The answer is that, as with English, one Yiddish word can often have multiple meanings. And so a single Yiddish word, say, onkhapn, will appear under entries for seize, grasp, grap, and get hold. So while the book does have 8,500 entries, it only has about 4,000 distinct words.

That turned out to be perfect for me. It turned out to be just a little more than what I can learn in a year, and I think the selection of words in the book are good, if not always the most scintillating. I will locate about another 100 words from the dictionary, just to round my total number of flashcards off to 4,000 exactly, but then I will move on to a new dictionary.

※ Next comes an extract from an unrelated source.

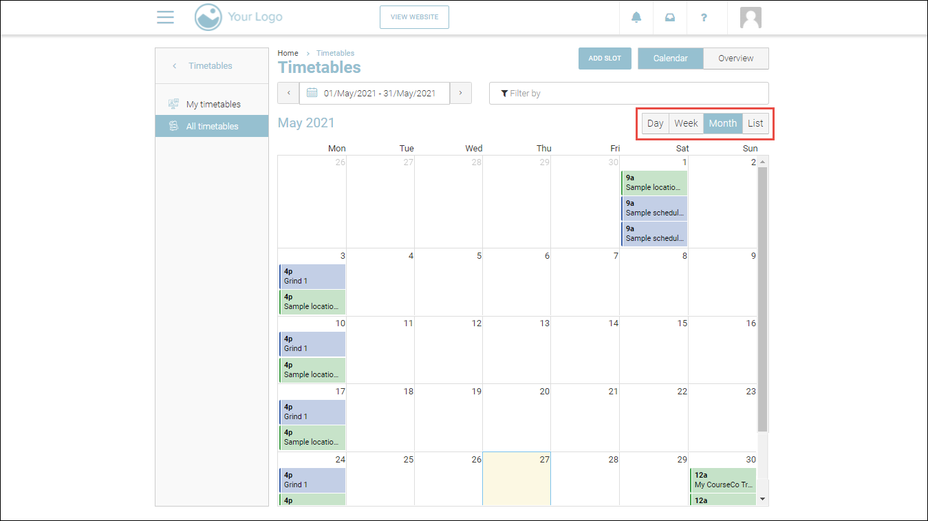 The Calendar view displays the calendar marked with all the timetables of all the courses. The below screenshot shows the Calendar view of the All timetables page:
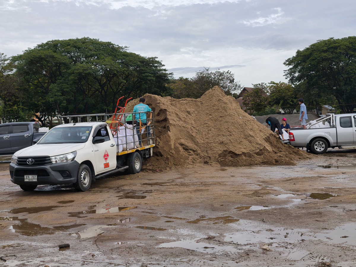 土のうを作っていました。もしもの時に備えるているようです。

This new book will be the massive "Comprehensive English-Yiddish Dictionary," and I think if I had started with that, I would have been overwhelmed. There are 50,000 entries in the book. Were I to just go through it, a page a day, as I did with Galvin and Tamarkin's book, it would take me three years to get through the whole thing.

Thanks to "The Yiddish Dictionary Sourcebook," I have a good sense of my own page, and how much I can reasonably expect to learn in a year, and so I can approach this new dictionary with a plan.

The truth is that I am not sure that continued vocabulary acquisition like this is necessarily the most useful thing for me. But, then, this is a hobby for me, and it's my hobby, and I like learning vocabulary words. If I am to continue into the new year, I must make sure to include the stuff that I enjoy, because that's literally the only reason I am doing this project: for the pleasure of it.